An overview of the ethical issues that shape modern technology, including such topics as free expression and content control, intellectual property, privacy and information access, crime and security, and concepts, methodology, and code of cyberethics. Theory and actual cases will be analyzed in readings, discussion, and written work. No prerequisites. Offered annually.

DASC 225 - Data Analytics with Visualization

This course introduces advanced concepts and tools relevant to data cleaning, organization, and transformation. It further develops skills and knowledge relevant to identifying and applying statistical tools to answer data-driven questions and provides advanced treatment of ethical issues involved in data analytical work. Students are also exposed to specific software commonly used in data analytics, such as databases for storing and retrieving data and software for creating static and interactive reports from analysis results.  Prerequisites: CS/DASC 125 and one of the following: BIOL 209, ECON 227, MATH 141, MATH 325, or PSYC 227. Offered every other year.  

CS 314 - Database Systems

Introduction to the relational and semi-structured database models. Theoretical concepts include relational algebra and calculus, logical and physical database design, normalization, database security and integrity, data definition and data manipulation languages. Programming topics: database creation, modification, and querying using XQuery, MySQL and PHP. Prerequisites: CS 128 with a C- or above and Math 135. Offered alternate years.

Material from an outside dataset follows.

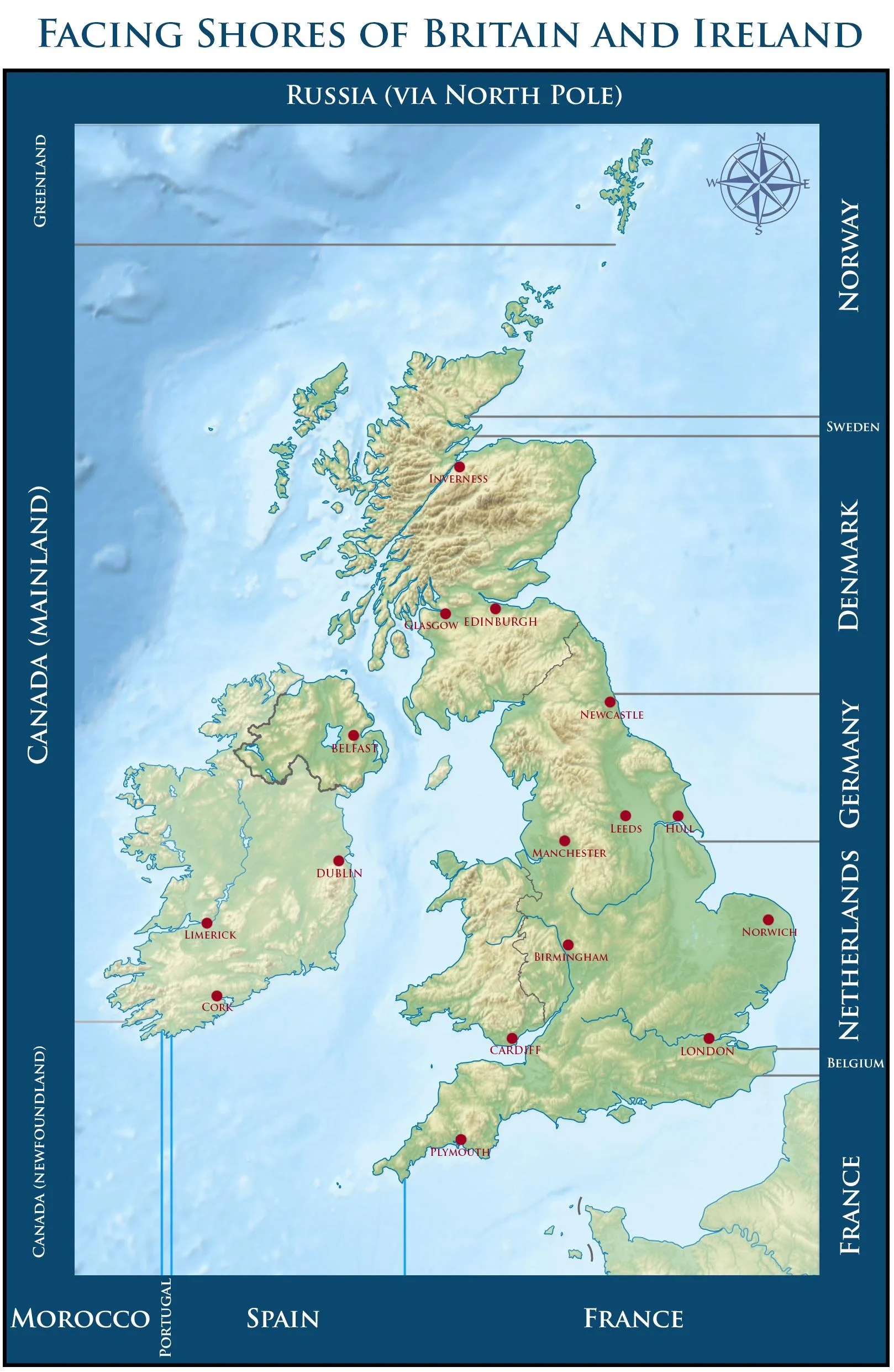 Next time you're standing on the shores of either Britain or Ireland, whip out this post and you'll know what you'd be looking at if you had really, really, really, really good eyesight.
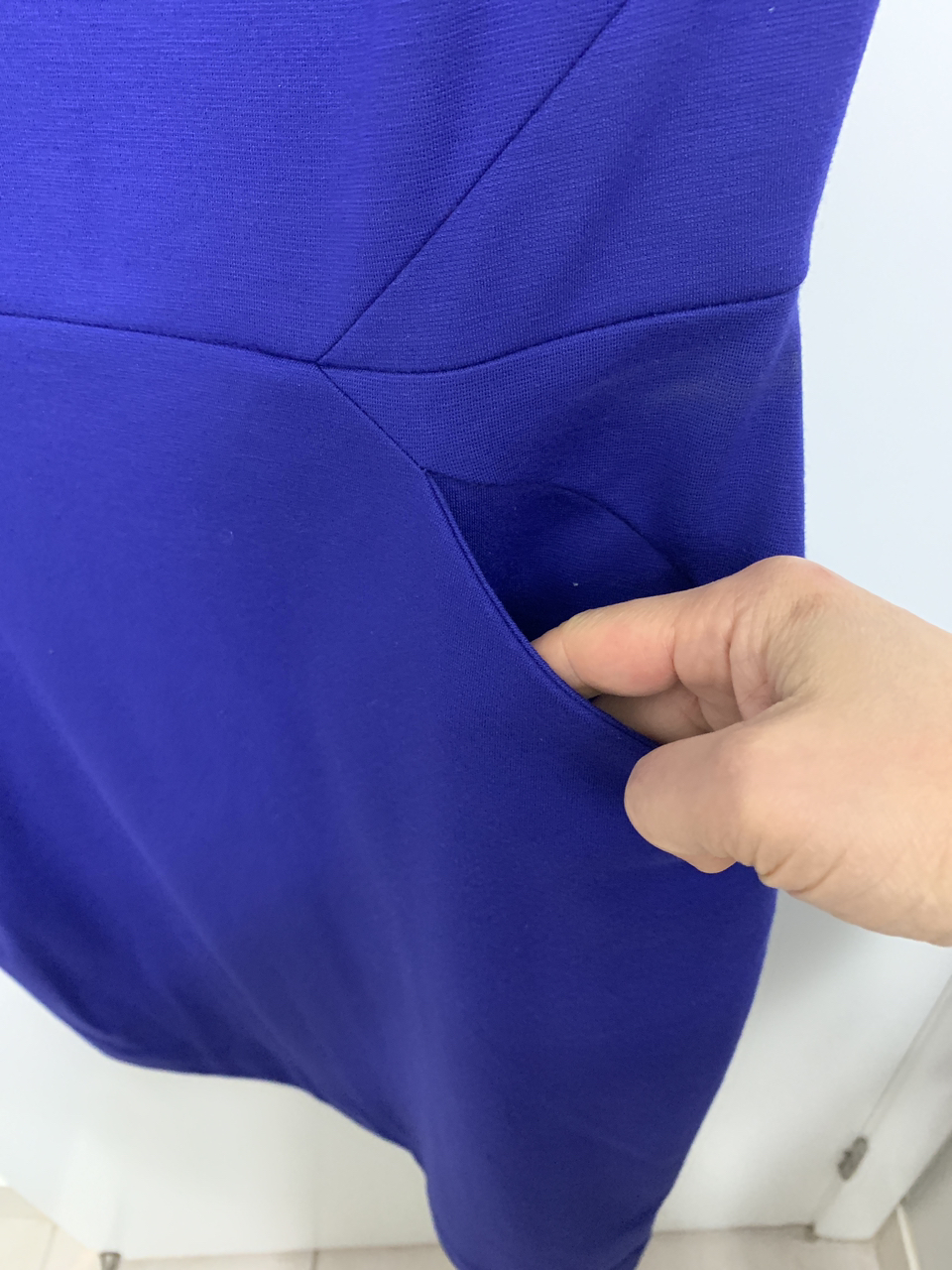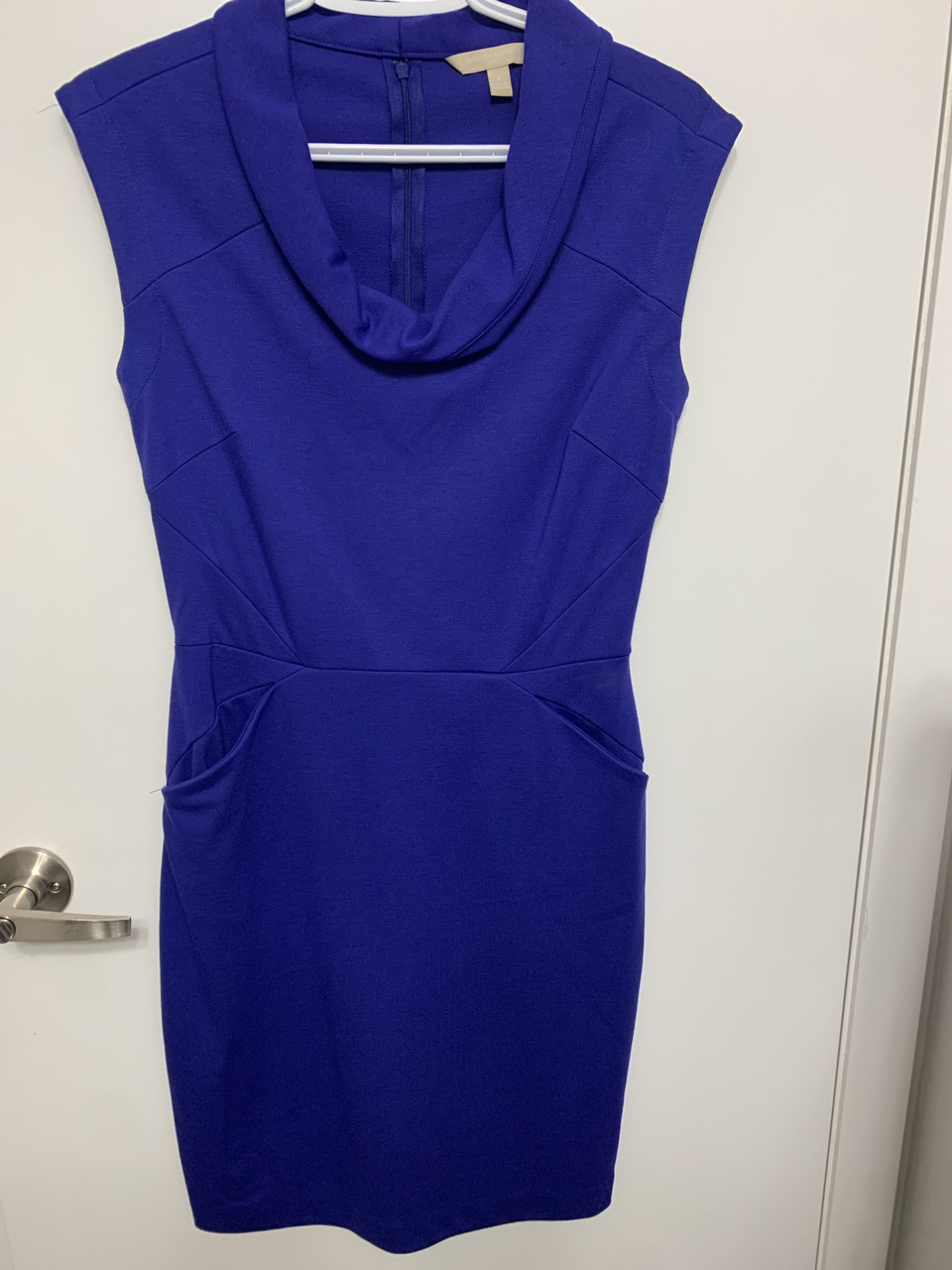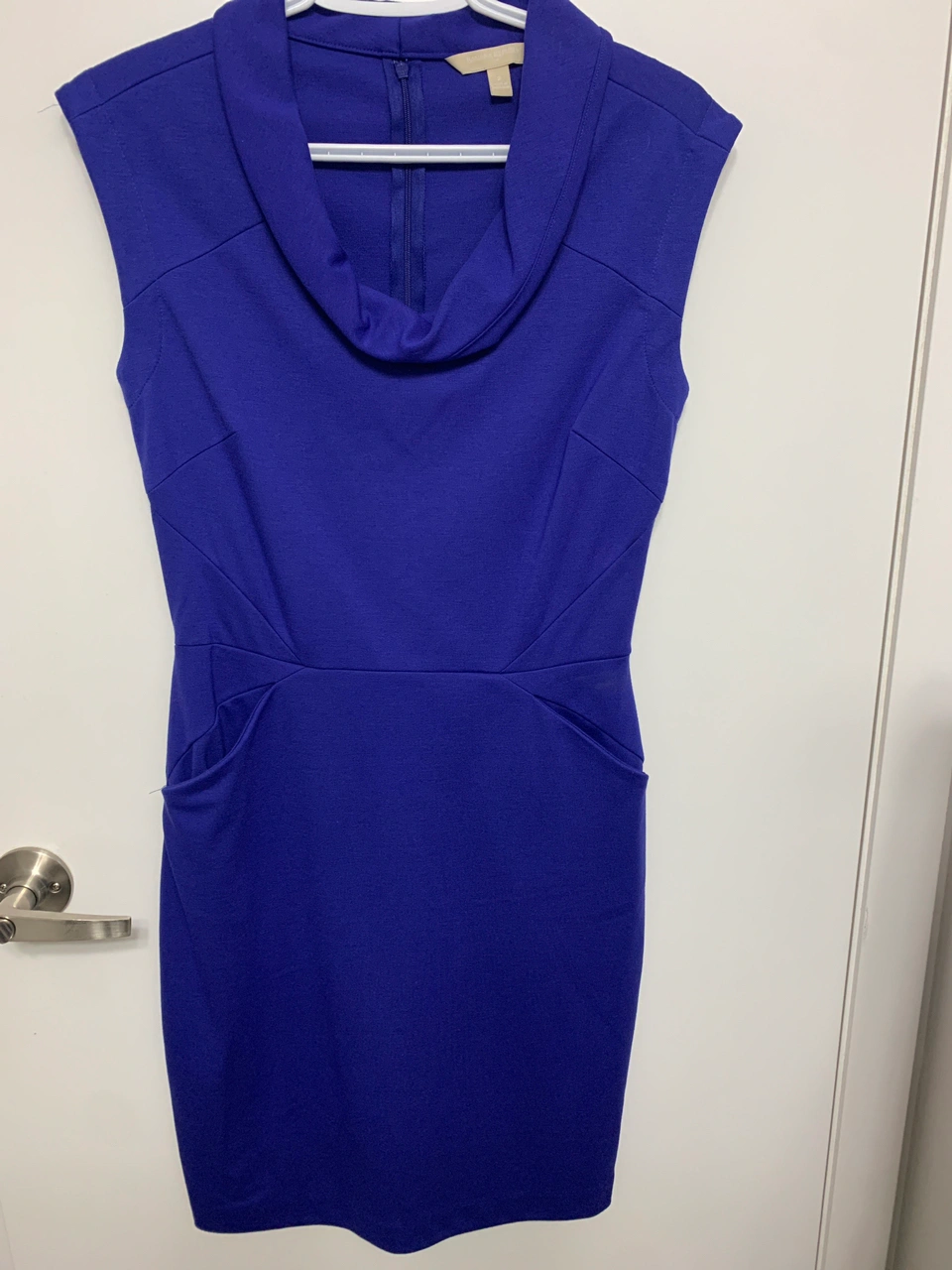 Beautiful Cobalt Blue Banana Republic Dress in Size 2 Stretchy with two functional pockets in the front. Cowl neck in the front Midi Length Size 2 New without tags

CS/DASC 377 - Applied Data Analysis

This course further develops the programming, mathematical, and statistical skills required for the application of data science tools to data analysis, data visualization, and decision making. This course includes a methodology/writing component in which students develop a draft research proposal for a capstone project.  Prerequisites: CS/DASC 125, CS 126, or CS 127; CS/MATH 136 or DASC 225; one of the following: BIOL 323, ECON 227, MATH 141, MATH 325, or PSYC 227. Offered alternate years.

CS 387 - Deep Learning

Deep learning (machine learning using large neural networks) has proven to be effective at a number of difficult tasks, with active research ongoing. Student will study mathematical foundations, implementation of neural network optimization in Python, and a number of applications of deep learning including machine vision and natural language processing. Prerequisites: CS128 with a C- or above and CS/MATH 136 or CS 377. Offered alternate years. 

DASC 395 - Directed Study, Data Science Capstone

Individual directed study to complete a capstone project.  Requires an approved proposal for a substantial project that applies data science techniques to gather, clean, analyze, visualize, and make inferences with data.  Project culminates in written and oral reports.  Prerequisites: CS/DASC 377 and approval of the program director. Offered as needed.

MATH 403 - Computational Data Analysis

This course introduces regression and time series methods, which are statistical modeling techniques commonly used in practice for the purpose of data analysis. It also includes some selected topics in statistical computations: generation of random numbers, statistical computing, statistical graphics and Monte Carlo simulations techniques. The course introduces and uses the R statistical programming language.  Prerequisites: MATH 325 or one of the following: BIO 323, ECON 227, or PSYC 227. Offered fall semester of even-numbered years.